**WORK ITEM**
Your answer is the line containing "From Italian brand" plus every line after it through the end of the records, printed exactly and free of pictures.

**SOURCE DATA**
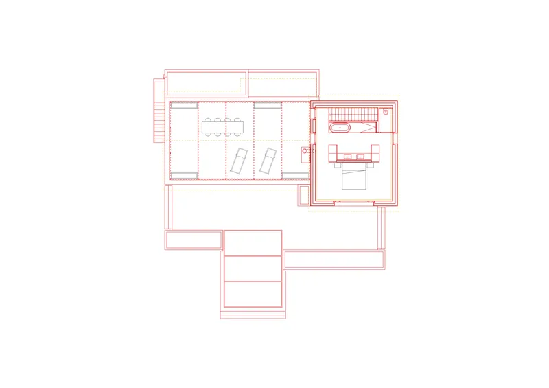 Al primo piano si trova la camera padronale, organizzata attorno a un nucleo centrale in legno e aperta su una terrazza protetta da parapetto pieno e pergola vegetale, concepita come spazio intimo in continuità con il paesaggio e la vegetazione circostante.
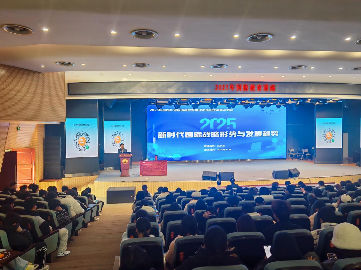 为提升我院国防教育水平,增强师生国家安全意识和军事理论素养,12月2日下午,党委学生工作部举办2025年国防教育活动。活动邀请了四川省学校国防教育专家、中国民用航空飞行学院马克思主义学院汪庆军教授在多功能二厅举办讲座。活动由党委学生工作部副部长王俊芳主持,马克思主义学院、人文社科基础教育学院负责人、教师及学生共400余人参加本次活动。
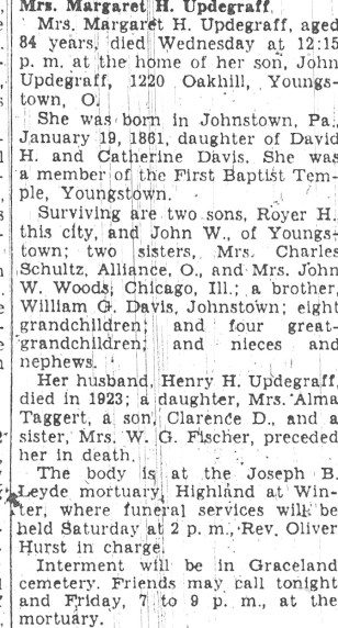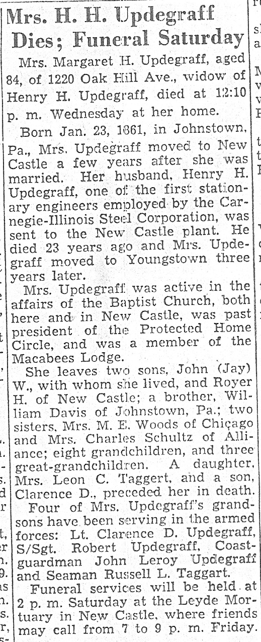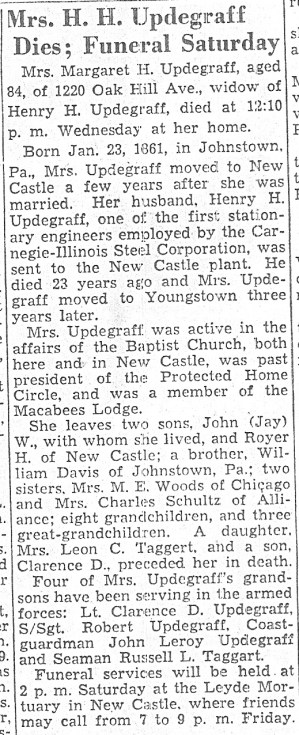 1 The obituaries posted in the Youngstown Vindicator and New Castle News have conflicting birth dates: 23 January 1861 and 19 January 1861, respectively. Margaret’s death certificate lists the birth date as 19 January 1861.
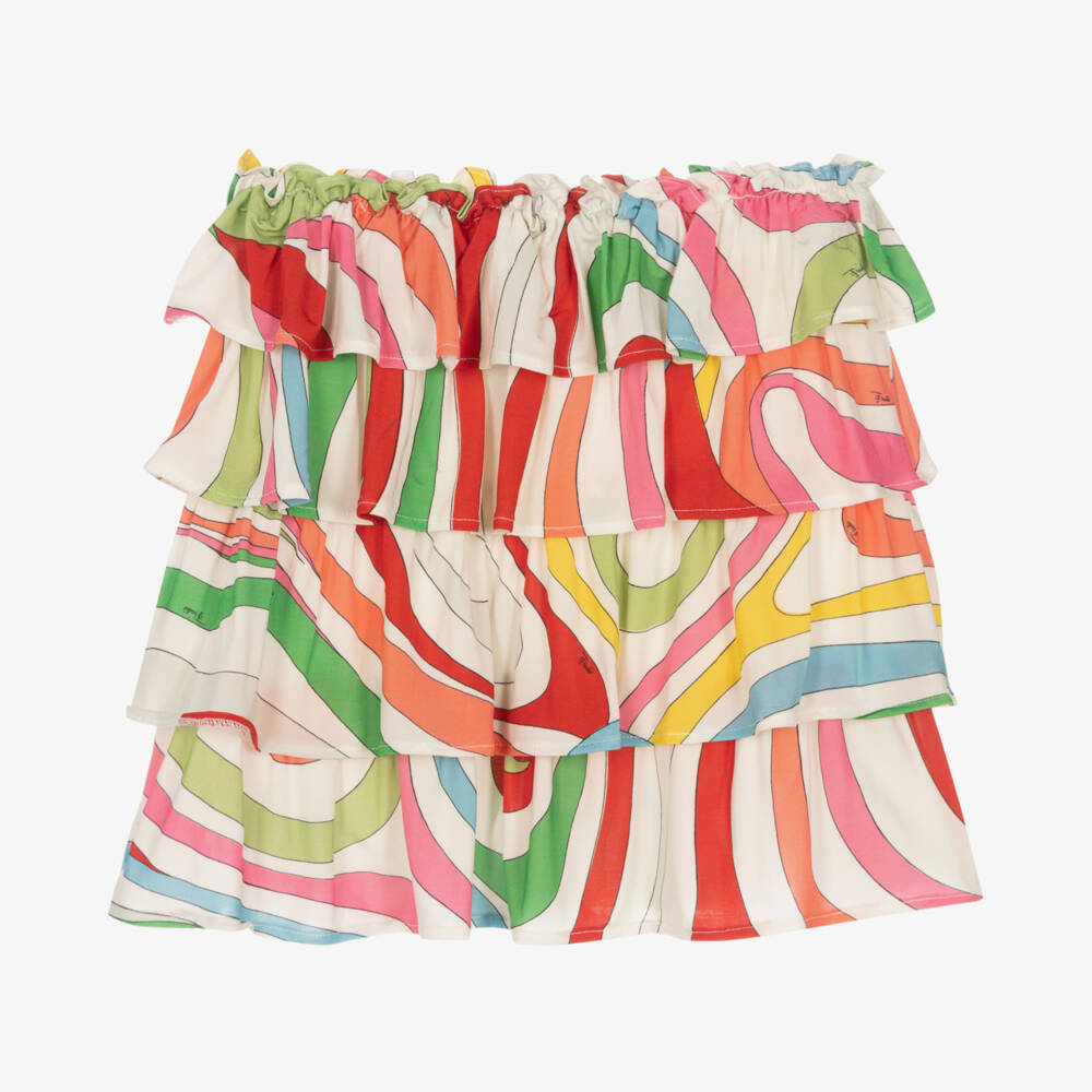 From Italian brand Emilio Pucci, white skirt patterned with a colourful Marmo print for teen girls. Silky smooth and lightweight, this beautiful skirt has layered tiers for a feminine silhouette and an elasticated waist for comfortable, easy wear.
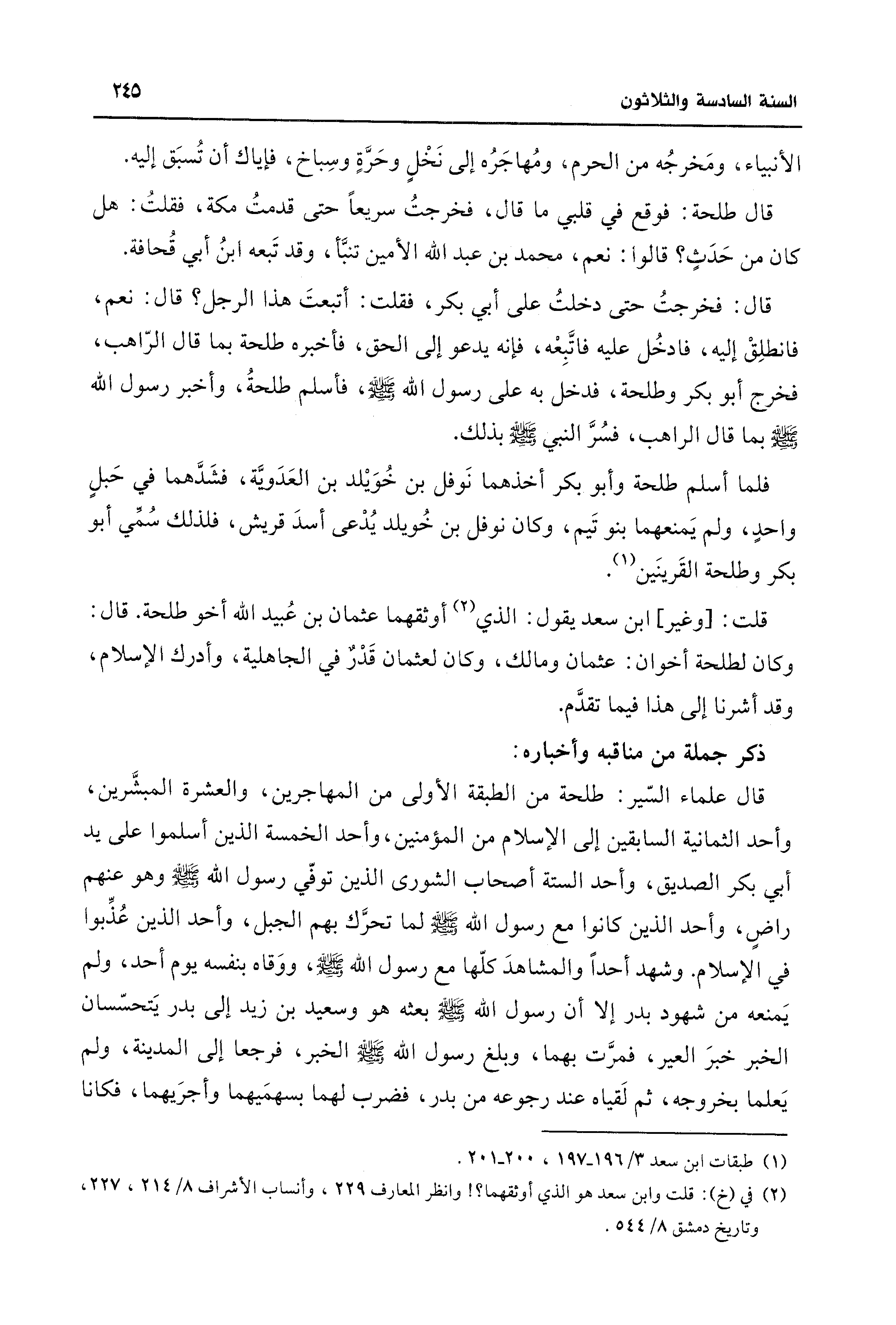 قال: فخرجتُ حتى دخلتُ على أبي بكر، فقلت: أتبعتَ هذا الرجل؟ قال: نعم، فانطلِقْ إليه، فادخُل عليه فاتَّبِعْه، فإنه يدعو إلى الحق، فأخبره طلحة بما قال الرّاهب، فخرج أبو بكر وطلحة، فدخل به على رسول الله - صلى الله عليه وسلم -، فأسلم طلحةُ، وأخبر رسول الله - صلى الله عليه وسلم - بما قال الراهب، فسُرَّ النبي - صلى الله عليه وسلم - بذلك.

**ANSWER SPACE**
 From Italian brand Emilio Pucci, white skirt patterned with a colourful Marmo print for teen girls. Silky smooth and lightweight, this beautiful skirt has layered tiers for a feminine silhouette and an elasticated waist for comfortable, easy wear.
 قال: فخرجتُ حتى دخلتُ على أبي بكر، فقلت: أتبعتَ هذا الرجل؟ قال: نعم، فانطلِقْ إليه، فادخُل عليه فاتَّبِعْه، فإنه يدعو إلى الحق، فأخبره طلحة بما قال الرّاهب، فخرج أبو بكر وطلحة، فدخل به على رسول الله - صلى الله عليه وسلم -، فأسلم طلحةُ، وأخبر رسول الله - صلى الله عليه وسلم - بما قال الراهب، فسُرَّ النبي - صلى الله عليه وسلم - بذلك.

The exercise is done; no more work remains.